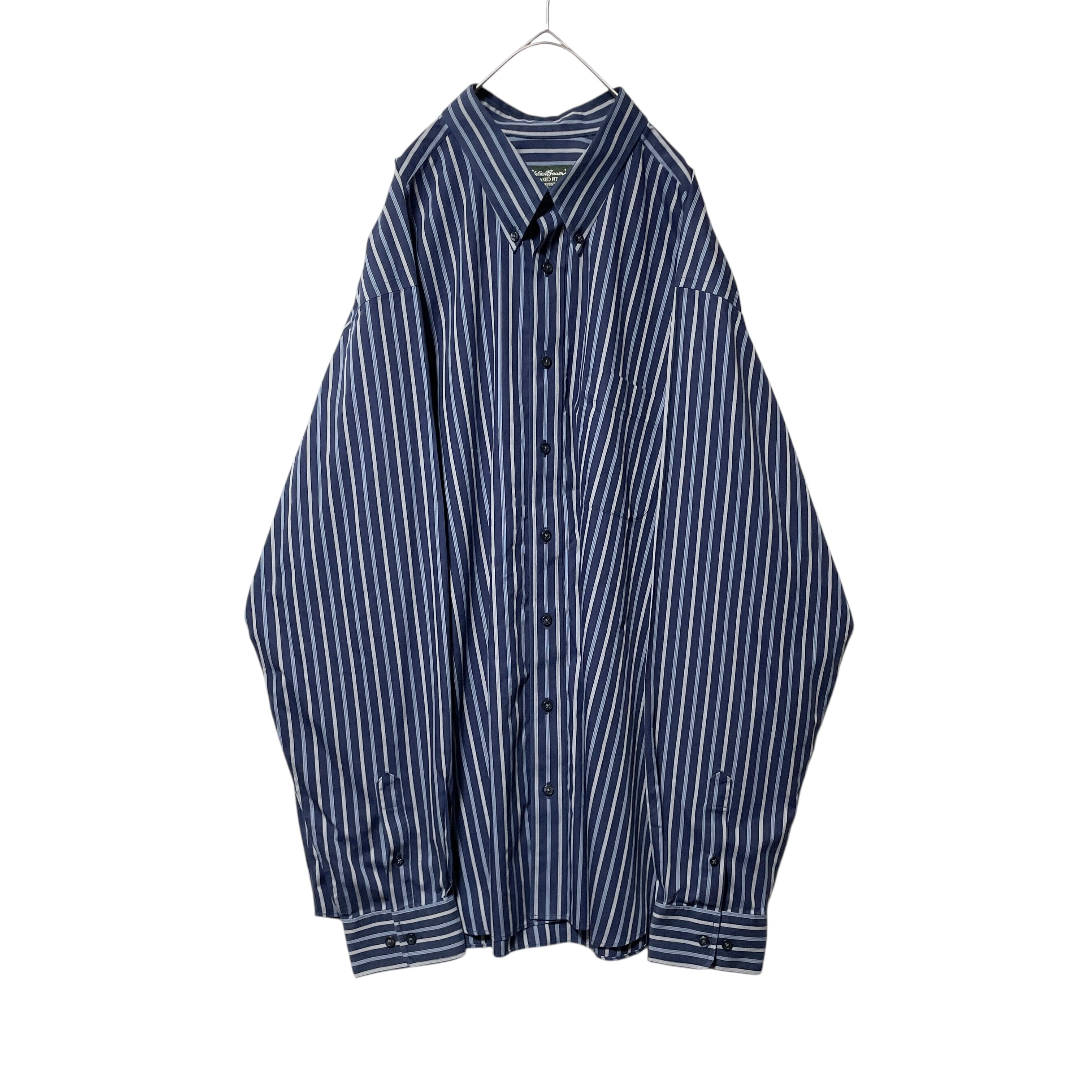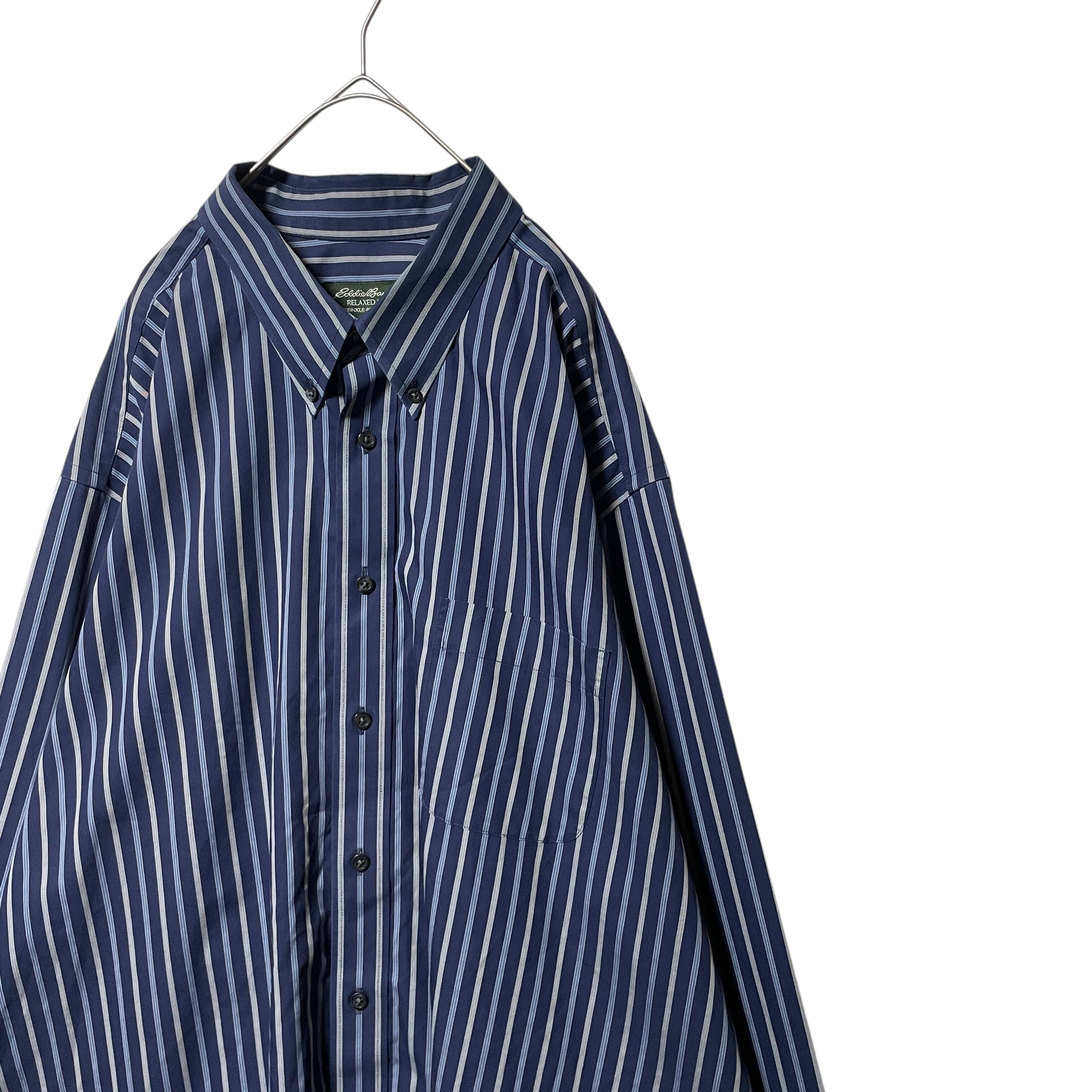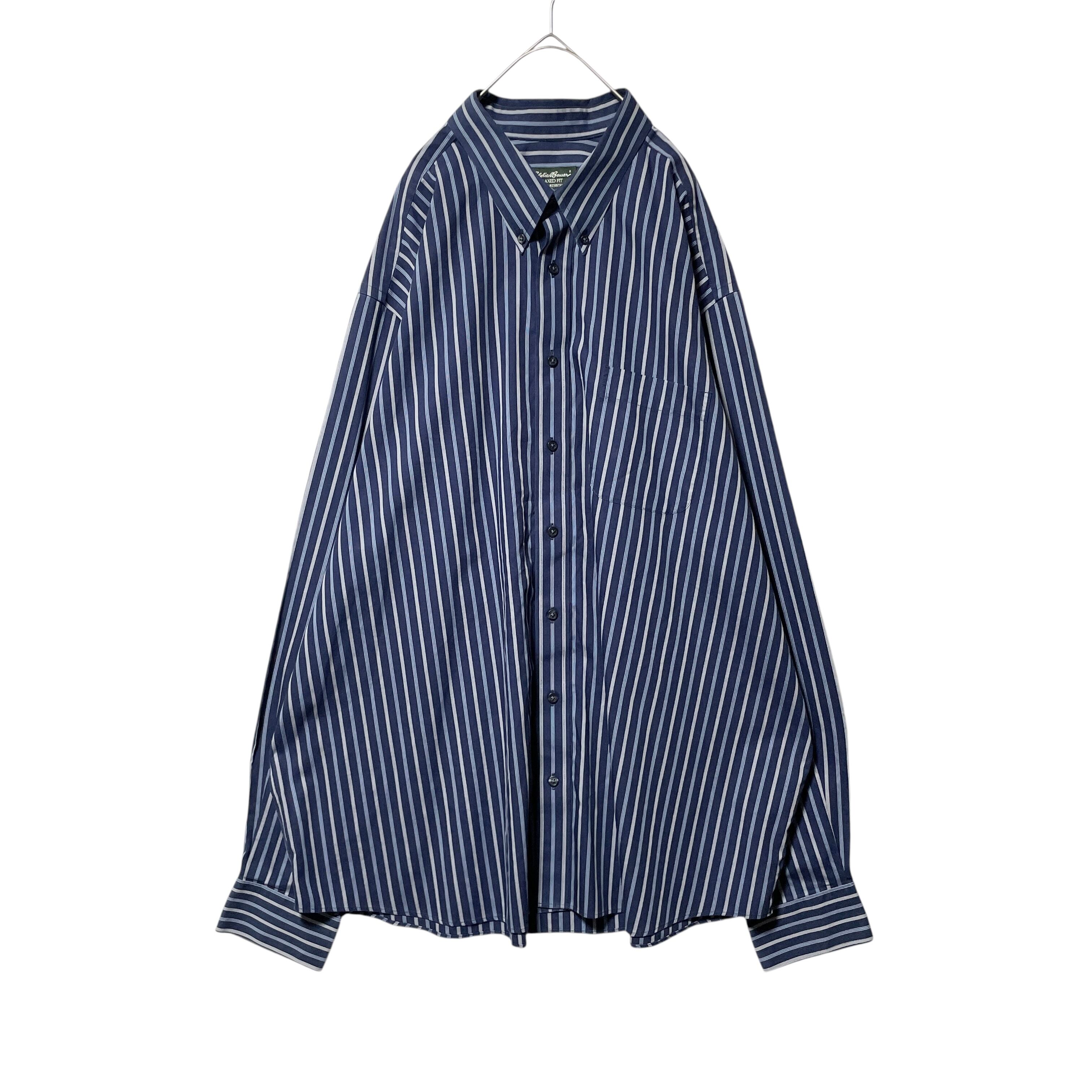 エディーバウアー ストライプ柄 長袖ボタンダウンシャツ ネイビー 紺系 2XL
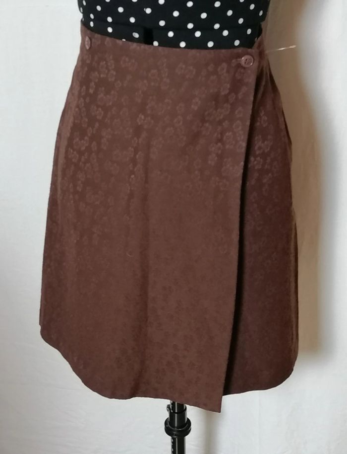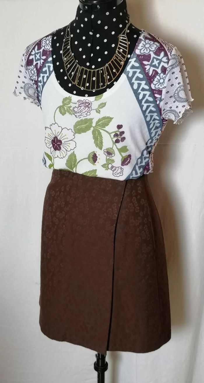 Jupe courte portefeuille fleurs laine marron taille 36 Caroll - photo numéro 5
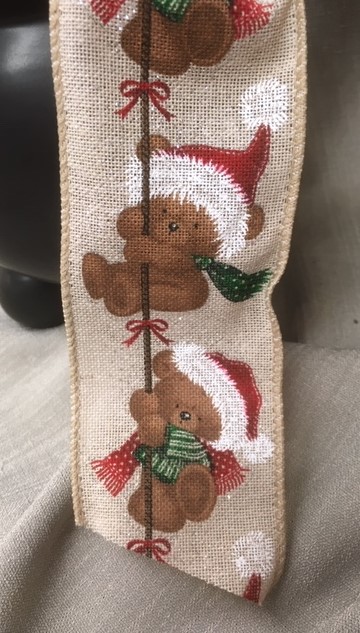 Bredd: 63 mm. Beige band med söta nallar med tomteluva. Bandet har ståltråd i kanten för att lätt kunna formas till fina rosetter.

== == ==

Down to the last line, set down the data above exactly, and omit all images.

▸ PROBLEM SOLUTION:
 エディーバウアー ストライプ柄 長袖ボタンダウンシャツ ネイビー 紺系 2XL
 Jupe courte portefeuille fleurs laine marron taille 36 Caroll - photo numéro 5
 Bredd: 63 mm. Beige band med söta nallar med tomteluva. Bandet har ståltråd i kanten för att lätt kunna formas till fina rosetter.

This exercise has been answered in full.